A goal directed learning agent for the Semantic Web
Gunnar Aastrand Grimnes
PhD-Thesis, University of Aberdeen, 2009.
This thesis is motivated by the need for autonomous agents on the Semantic Web to be able to
learn. The Semantic Web is an effort for extending the existing Web with machine understandable
information, thus enabling intelligent agents to understand the content of web-pages and help users
carrying out tasks online. For such autonomous personal agents working on a world wide Semantic
Web we make two observations: Firstly, every user is different and the Semantic Web will never
cater for them all - therefore, it is crucial for an agent to be able to learn from the user and the
world around it to provide a personalised view of the web. Secondly, due to the immense amounts
of information available on the world wide Semantic Web an agent cannot read and process all
available data. We argue that to deal with the information overload a goal-directed approach is
needed; an agent must be able to reason about the external world, the internal state and the actions
available and only carry out the actions that help achieve the current goal.
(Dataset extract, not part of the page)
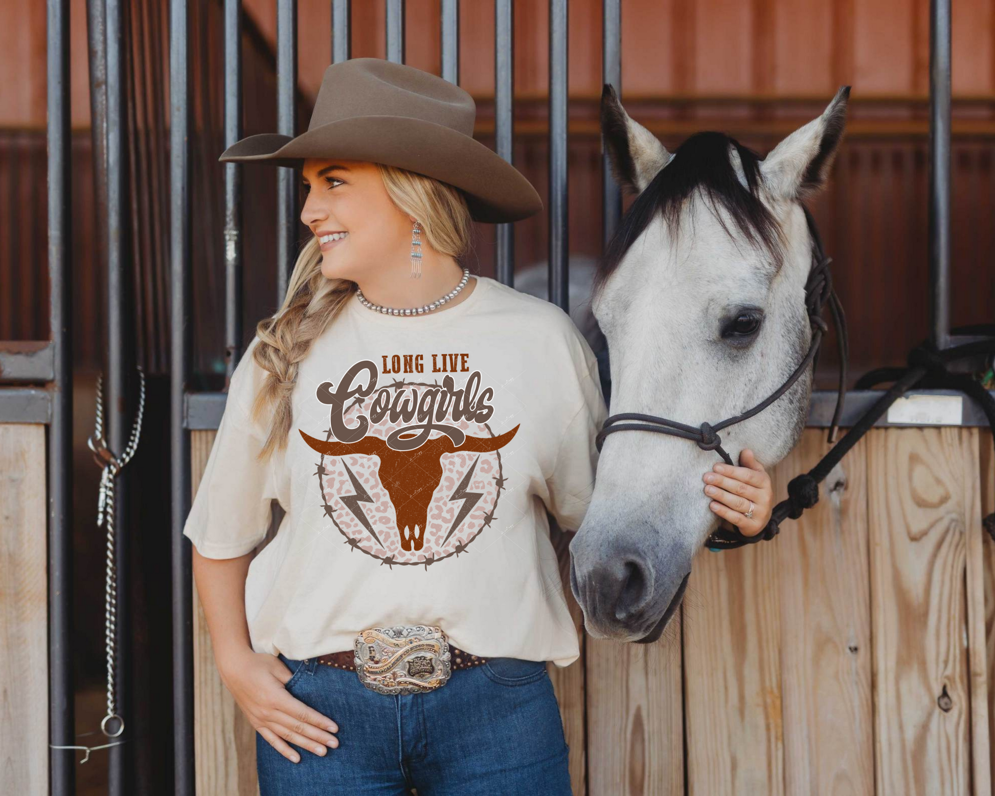 Long Live Cowgirls (circle of barbwire filled with leopard print, cow skull, lightning bolts) DTF TRANSFER

In the first part of this thesis we explore the application of two machine learning techniques
to Semantic Web data. Firstly, we investigate the classification of Semantic Web resources, we
discuss the issues of mapping Semantic Web format to an input representation suitable for a selec-
tion of well-known algorithms, and outline the requirements for these algorithms to work well in a
Semantic Web context. Secondly, we consider the clustering of Semantic Web resources. Here we
focus on the definition of the similarity between two resources, and how we can determine what
part of a large Semantic Web graph is relevant to a single resource.
In the second part of the thesis we describe our goal-directed learning agent Smeagol. We
present explicit definitions of the classification and clustering techniques devised in the first part of
the thesis, allowing Smeagol to use a planning approach to create plans of actions that may fulfil
a given top-level goal. We also investigate different ways that Smeagol can dynamically replan
when steps within the initial plan fail and show that Smeagol can offer plausible learned answers
to a given query, even when no explicit correct answer exists.